Extracted records:
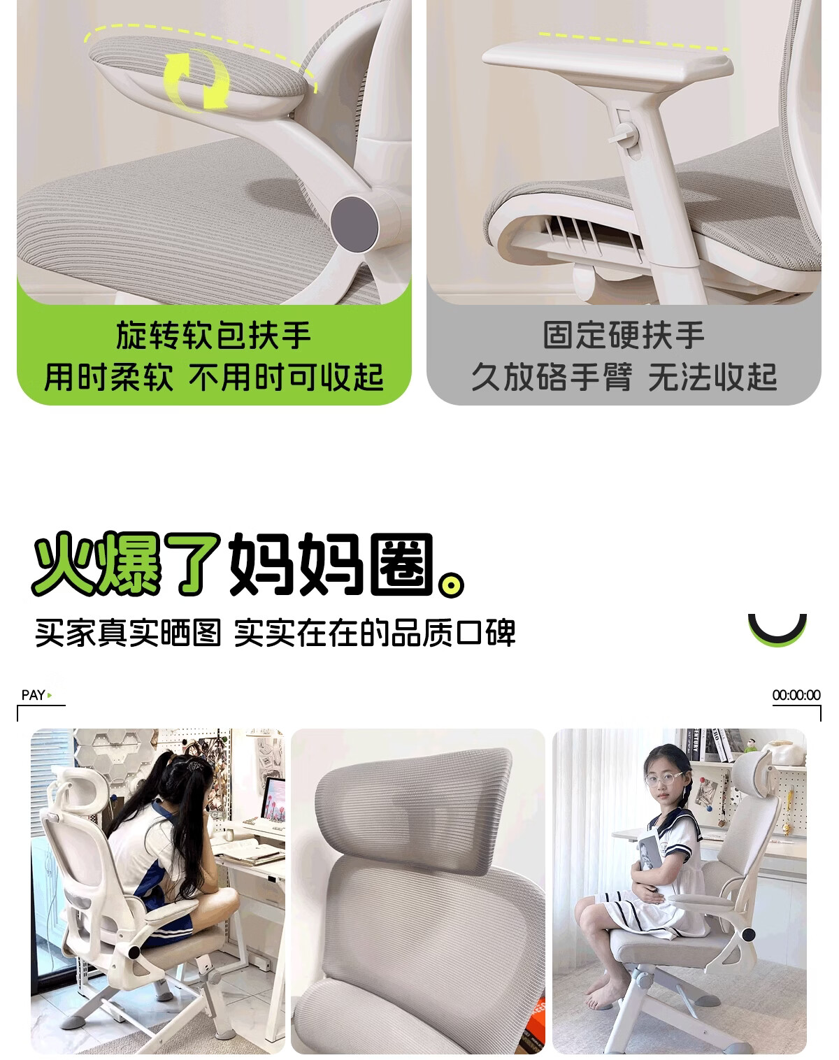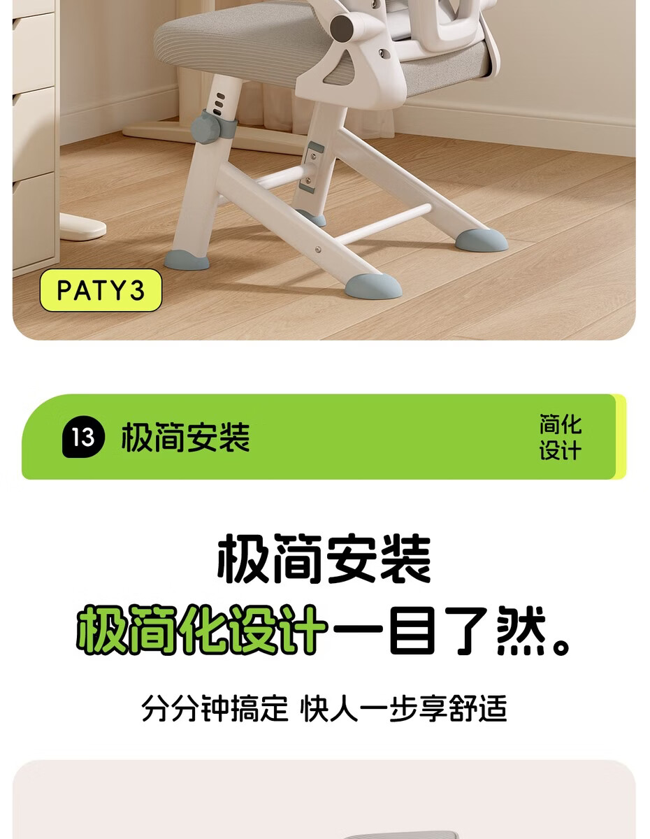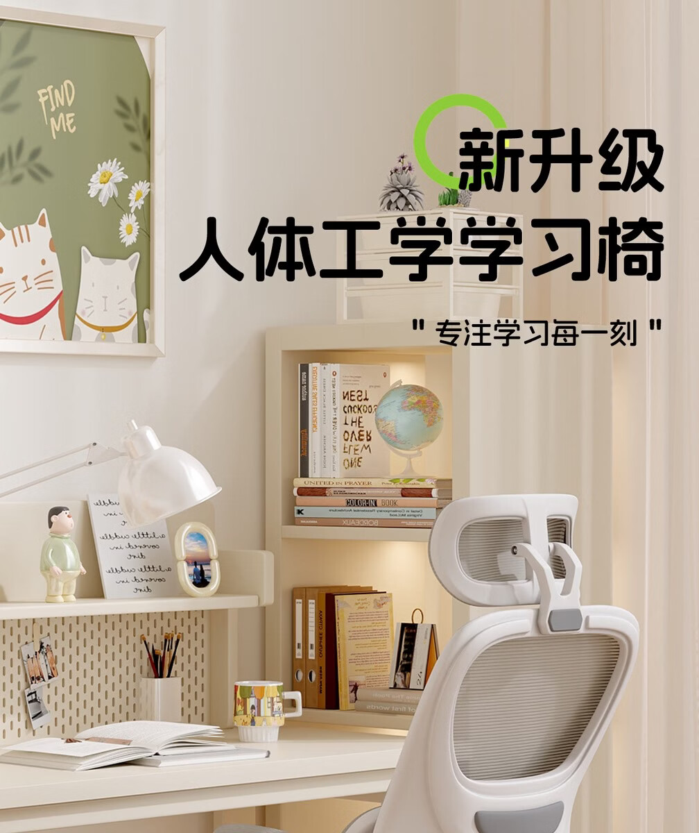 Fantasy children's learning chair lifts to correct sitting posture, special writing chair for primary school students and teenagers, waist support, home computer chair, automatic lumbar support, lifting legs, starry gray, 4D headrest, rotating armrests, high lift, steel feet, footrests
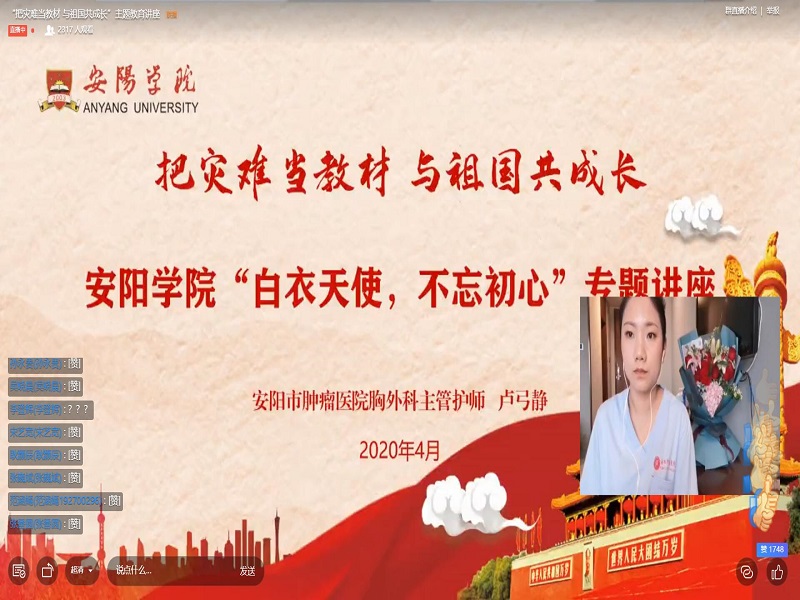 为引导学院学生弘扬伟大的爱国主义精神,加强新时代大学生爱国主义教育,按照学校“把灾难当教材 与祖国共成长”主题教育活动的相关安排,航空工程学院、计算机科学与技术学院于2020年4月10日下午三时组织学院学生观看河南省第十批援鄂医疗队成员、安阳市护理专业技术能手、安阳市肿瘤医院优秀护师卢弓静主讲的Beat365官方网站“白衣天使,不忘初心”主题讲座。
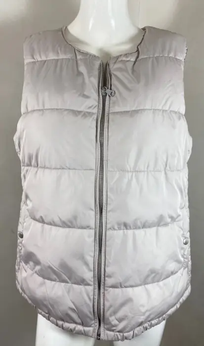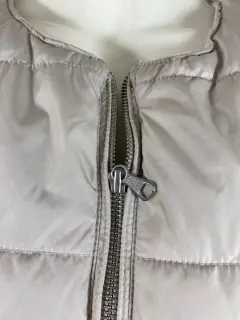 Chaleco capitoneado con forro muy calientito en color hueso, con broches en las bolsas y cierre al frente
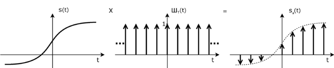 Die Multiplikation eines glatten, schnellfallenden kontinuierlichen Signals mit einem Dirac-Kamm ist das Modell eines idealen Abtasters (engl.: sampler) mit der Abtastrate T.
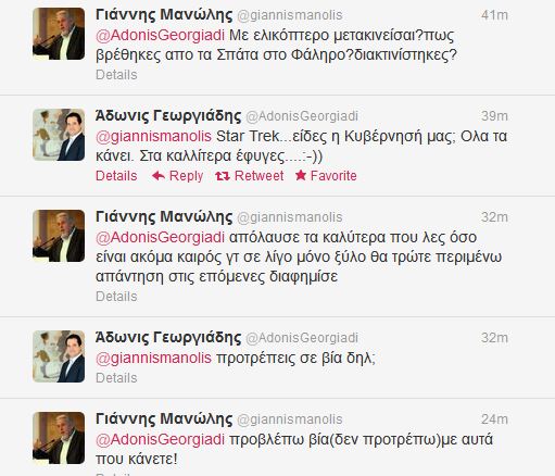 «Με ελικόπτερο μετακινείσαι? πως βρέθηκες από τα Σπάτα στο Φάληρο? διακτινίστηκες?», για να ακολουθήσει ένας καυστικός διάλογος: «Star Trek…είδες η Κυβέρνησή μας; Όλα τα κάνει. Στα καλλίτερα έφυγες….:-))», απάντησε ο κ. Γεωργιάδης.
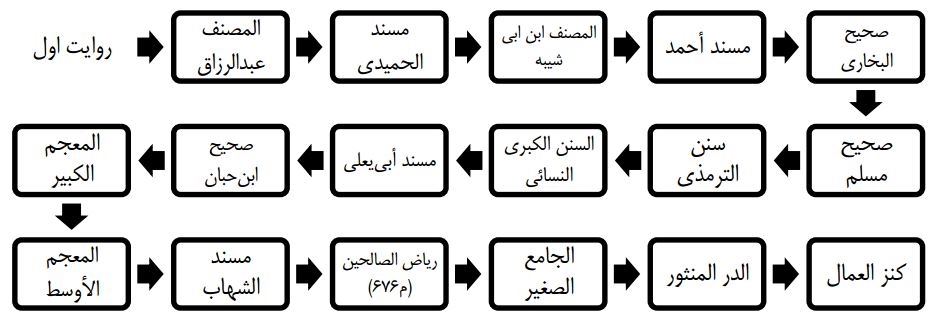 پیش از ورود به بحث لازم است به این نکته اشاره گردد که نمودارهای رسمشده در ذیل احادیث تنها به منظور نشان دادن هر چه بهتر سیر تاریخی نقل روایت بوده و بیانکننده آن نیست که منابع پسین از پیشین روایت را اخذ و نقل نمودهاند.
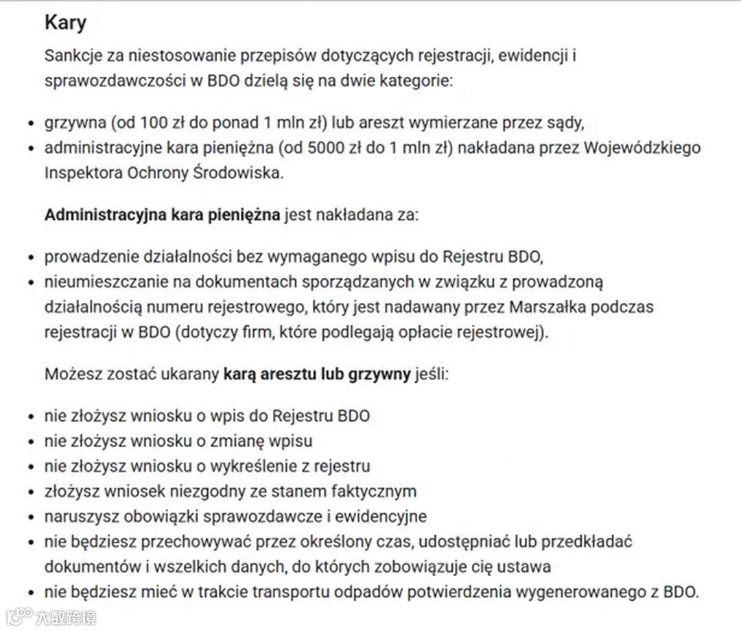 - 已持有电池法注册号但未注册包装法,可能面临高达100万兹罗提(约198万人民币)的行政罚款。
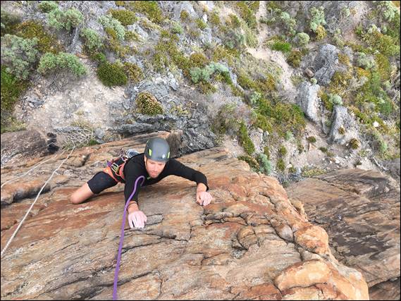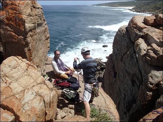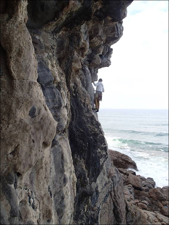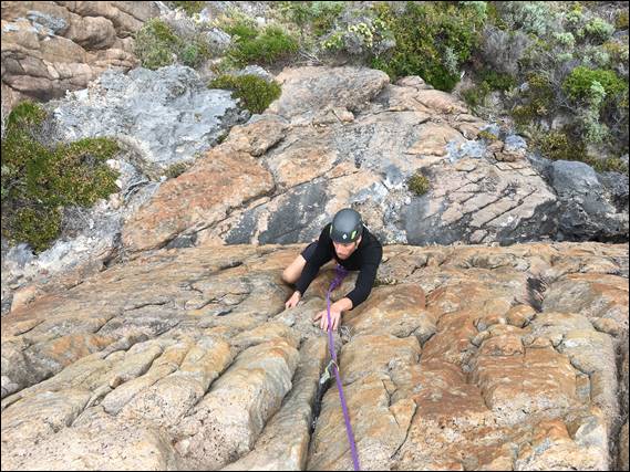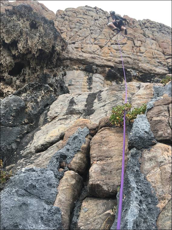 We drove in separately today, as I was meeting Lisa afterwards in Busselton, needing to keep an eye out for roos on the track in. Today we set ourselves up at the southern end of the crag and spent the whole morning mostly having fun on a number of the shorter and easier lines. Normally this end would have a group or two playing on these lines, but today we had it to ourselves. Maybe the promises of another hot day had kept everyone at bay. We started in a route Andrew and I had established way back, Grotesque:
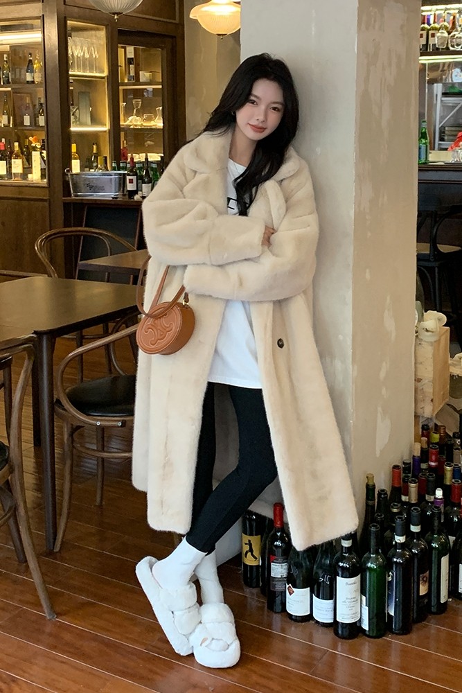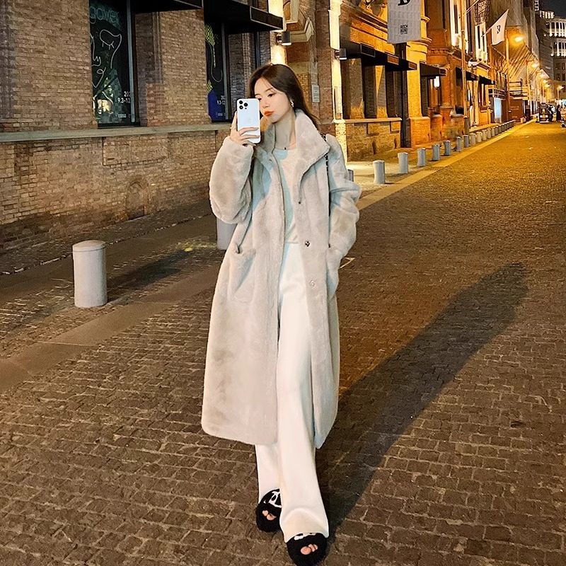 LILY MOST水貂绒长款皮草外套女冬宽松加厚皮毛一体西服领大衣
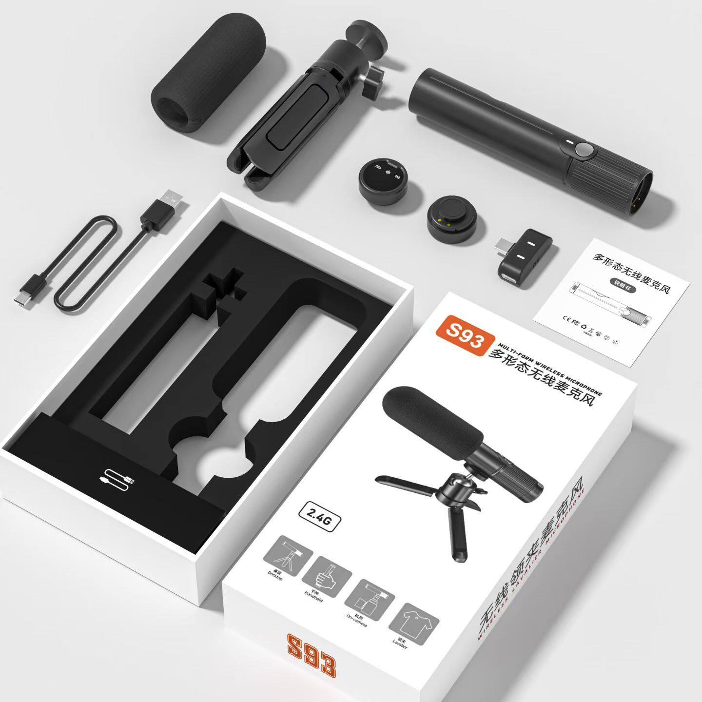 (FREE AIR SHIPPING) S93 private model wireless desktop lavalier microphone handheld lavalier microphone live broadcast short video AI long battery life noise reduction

WHAT TO WORK ON: Reproduce, word for word, every line from the start of the records down to and including the line with "- 已持有电池法注册号但未注"; skip the pictures.

EXERCISE ANSWER:
 Fantasy children's learning chair lifts to correct sitting posture, special writing chair for primary school students and teenagers, waist support, home computer chair, automatic lumbar support, lifting legs, starry gray, 4D headrest, rotating armrests, high lift, steel feet, footrests
 为引导学院学生弘扬伟大的爱国主义精神,加强新时代大学生爱国主义教育,按照学校“把灾难当教材 与祖国共成长”主题教育活动的相关安排,航空工程学院、计算机科学与技术学院于2020年4月10日下午三时组织学院学生观看河南省第十批援鄂医疗队成员、安阳市护理专业技术能手、安阳市肿瘤医院优秀护师卢弓静主讲的Beat365官方网站“白衣天使,不忘初心”主题讲座。
 Chaleco capitoneado con forro muy calientito en color hueso, con broches en las bolsas y cierre al frente
 Die Multiplikation eines glatten, schnellfallenden kontinuierlichen Signals mit einem Dirac-Kamm ist das Modell eines idealen Abtasters (engl.: sampler) mit der Abtastrate T.
 «Με ελικόπτερο μετακινείσαι? πως βρέθηκες από τα Σπάτα στο Φάληρο? διακτινίστηκες?», για να ακολουθήσει ένας καυστικός διάλογος: «Star Trek…είδες η Κυβέρνησή μας; Όλα τα κάνει. Στα καλλίτερα έφυγες….:-))», απάντησε ο κ. Γεωργιάδης.
 پیش از ورود به بحث لازم است به این نکته اشاره گردد که نمودارهای رسمشده در ذیل احادیث تنها به منظور نشان دادن هر چه بهتر سیر تاریخی نقل روایت بوده و بیانکننده آن نیست که منابع پسین از پیشین روایت را اخذ و نقل نمودهاند.
 - 已持有电池法注册号但未注册包装法,可能面临高达100万兹罗提(约198万人民币)的行政罚款。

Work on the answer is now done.